The term Golden Record is closely related to Customer Data Integration or MDM for Customer data. It refers to the “single truth” which has been created or calculated from all those duplicate customer records from different systems. This post is not about finding or tagging all those duplicate records. There all kinds of ways to find them using advanced statistical methods, fuzzy matching etc.
But what do you once you have found the duplicates. How do you create the best possible customer data out of all gathered elements?
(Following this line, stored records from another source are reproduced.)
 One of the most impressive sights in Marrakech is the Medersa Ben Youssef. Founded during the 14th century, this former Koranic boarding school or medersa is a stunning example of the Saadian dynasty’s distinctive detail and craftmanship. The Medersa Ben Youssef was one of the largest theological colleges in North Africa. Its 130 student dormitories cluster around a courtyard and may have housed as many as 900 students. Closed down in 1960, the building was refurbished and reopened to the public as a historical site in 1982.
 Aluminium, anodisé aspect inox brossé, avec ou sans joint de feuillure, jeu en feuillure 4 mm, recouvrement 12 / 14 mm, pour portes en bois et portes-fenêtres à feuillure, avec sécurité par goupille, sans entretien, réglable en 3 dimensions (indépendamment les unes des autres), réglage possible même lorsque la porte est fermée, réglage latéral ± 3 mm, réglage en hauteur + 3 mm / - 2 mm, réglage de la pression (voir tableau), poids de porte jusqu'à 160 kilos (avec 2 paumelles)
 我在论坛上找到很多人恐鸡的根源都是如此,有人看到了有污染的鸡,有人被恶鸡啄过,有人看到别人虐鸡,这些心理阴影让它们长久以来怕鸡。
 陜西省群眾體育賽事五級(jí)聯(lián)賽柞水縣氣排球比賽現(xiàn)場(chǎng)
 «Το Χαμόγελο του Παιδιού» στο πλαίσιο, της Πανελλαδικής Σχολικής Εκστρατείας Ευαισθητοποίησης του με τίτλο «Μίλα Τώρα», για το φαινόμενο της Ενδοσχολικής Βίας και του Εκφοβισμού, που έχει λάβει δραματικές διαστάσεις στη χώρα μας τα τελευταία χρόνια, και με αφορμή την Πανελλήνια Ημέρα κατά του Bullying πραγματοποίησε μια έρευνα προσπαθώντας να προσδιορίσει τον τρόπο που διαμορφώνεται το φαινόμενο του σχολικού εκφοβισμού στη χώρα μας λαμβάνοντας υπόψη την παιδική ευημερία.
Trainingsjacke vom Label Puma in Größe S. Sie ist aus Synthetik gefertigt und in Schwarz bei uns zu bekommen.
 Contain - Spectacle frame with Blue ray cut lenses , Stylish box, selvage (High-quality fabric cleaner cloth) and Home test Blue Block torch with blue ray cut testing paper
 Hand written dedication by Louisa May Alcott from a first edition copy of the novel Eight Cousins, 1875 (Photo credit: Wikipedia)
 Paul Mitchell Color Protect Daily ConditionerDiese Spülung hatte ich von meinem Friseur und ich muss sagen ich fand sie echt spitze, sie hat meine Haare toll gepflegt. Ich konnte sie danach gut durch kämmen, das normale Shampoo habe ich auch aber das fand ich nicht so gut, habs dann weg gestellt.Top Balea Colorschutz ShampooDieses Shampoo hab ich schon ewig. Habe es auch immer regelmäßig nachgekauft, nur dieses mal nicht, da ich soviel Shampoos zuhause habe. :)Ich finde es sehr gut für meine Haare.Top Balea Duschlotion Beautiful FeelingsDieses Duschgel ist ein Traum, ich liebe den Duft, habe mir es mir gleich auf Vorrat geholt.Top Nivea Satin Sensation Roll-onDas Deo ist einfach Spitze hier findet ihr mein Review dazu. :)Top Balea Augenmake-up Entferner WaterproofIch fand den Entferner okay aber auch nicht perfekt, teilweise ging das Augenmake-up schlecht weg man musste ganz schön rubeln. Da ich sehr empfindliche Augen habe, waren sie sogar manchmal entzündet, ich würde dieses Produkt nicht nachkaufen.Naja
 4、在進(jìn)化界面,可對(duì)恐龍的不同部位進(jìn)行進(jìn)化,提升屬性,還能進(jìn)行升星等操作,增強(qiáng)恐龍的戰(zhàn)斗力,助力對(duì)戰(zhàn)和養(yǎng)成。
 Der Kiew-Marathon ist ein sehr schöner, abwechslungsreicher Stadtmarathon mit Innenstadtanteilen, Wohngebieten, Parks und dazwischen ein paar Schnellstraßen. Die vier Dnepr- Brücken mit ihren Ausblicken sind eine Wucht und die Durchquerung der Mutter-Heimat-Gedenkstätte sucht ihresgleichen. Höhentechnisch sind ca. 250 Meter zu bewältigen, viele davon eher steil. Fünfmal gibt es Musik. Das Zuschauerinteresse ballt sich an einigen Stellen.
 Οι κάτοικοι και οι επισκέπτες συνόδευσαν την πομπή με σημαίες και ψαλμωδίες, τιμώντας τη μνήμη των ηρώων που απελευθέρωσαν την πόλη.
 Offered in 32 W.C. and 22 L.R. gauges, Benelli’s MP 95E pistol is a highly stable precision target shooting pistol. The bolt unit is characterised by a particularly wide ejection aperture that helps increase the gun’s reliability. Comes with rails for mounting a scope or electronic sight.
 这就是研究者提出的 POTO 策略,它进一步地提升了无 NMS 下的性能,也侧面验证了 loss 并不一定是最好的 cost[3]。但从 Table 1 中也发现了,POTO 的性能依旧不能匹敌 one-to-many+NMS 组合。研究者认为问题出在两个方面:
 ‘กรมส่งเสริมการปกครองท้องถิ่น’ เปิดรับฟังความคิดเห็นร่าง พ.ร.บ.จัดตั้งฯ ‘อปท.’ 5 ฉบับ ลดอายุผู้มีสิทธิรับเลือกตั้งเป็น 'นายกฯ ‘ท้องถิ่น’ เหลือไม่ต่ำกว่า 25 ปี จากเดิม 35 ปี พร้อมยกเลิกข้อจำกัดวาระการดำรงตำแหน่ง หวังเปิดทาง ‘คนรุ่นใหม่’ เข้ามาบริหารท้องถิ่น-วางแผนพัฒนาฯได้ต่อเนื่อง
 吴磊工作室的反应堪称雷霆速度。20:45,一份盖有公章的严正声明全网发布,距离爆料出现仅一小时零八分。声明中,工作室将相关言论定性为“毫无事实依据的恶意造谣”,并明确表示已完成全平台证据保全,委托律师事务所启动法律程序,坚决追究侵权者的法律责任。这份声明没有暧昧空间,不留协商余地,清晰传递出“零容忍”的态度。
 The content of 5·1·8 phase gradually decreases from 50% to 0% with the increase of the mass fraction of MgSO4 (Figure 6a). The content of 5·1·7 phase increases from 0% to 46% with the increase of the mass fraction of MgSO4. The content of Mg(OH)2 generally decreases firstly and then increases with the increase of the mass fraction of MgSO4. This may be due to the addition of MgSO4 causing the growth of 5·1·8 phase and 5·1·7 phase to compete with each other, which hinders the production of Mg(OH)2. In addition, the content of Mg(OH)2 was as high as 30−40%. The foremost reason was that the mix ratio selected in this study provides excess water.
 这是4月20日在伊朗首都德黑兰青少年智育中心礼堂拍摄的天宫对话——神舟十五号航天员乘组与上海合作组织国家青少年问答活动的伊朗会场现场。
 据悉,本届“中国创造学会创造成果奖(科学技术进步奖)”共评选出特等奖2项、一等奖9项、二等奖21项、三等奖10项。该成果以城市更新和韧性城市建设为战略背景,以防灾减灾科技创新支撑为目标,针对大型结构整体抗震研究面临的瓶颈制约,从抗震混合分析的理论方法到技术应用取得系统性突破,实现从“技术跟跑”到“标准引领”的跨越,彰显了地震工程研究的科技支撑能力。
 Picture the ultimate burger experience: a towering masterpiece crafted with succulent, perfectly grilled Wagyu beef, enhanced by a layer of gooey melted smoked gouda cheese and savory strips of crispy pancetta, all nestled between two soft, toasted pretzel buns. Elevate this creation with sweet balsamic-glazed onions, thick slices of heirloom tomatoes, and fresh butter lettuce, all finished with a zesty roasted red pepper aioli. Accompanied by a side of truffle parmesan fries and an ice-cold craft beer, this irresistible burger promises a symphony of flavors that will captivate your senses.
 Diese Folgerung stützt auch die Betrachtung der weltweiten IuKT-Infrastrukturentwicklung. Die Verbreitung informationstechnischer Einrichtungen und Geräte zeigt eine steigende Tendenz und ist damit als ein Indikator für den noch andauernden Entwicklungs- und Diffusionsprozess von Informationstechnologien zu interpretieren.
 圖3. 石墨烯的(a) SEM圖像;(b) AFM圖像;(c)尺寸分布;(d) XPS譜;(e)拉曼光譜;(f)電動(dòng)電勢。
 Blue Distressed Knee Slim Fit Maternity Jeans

First of all we have to define what is meant by the Golden Record. We at Human Inference use the acronym ACCU, short for Actual, Correct, Complete and Unique. Ofbviously, we want one unique record. That’s why we use matching or identity resolution software. But Actual, Correct and Complete are less absolute, they can be interpreted in a subjective manner. You can have never-ending discussions about it, build the most complex business-rules ever etc. But I prefer to start with simply determining the superlative of Actual, Correct and Complete. In other words the most actual, the most correct and the most complete data-element or attribute “wins” and makes it to the Golden Record. Let’s take the following example, two almost identical records are gathered from two different systems (A & B).
Record 1 from System A
Record 2 from System B
|J. (John) Miller||J.F. Miller|
|26 Spring Gdns||26 Spring Gardens|
|Manchester, Lancashire, M2 1BB||Manchester, Lancashire, M2 1BA|
|United Kingdom||United Kingdom|
The basic rule is that only Correct data will make it into the Golden Record. So, if you can validate data please do so. For instance you can check social security, bank account and credit card numbers using algorithms. You can validate email addresses. Using postal reference data, it is also possible to verify the correctness of addresses. The most difficult is to validate names. Extensive knowledge is needed to check whether names of persons and organizations are valid.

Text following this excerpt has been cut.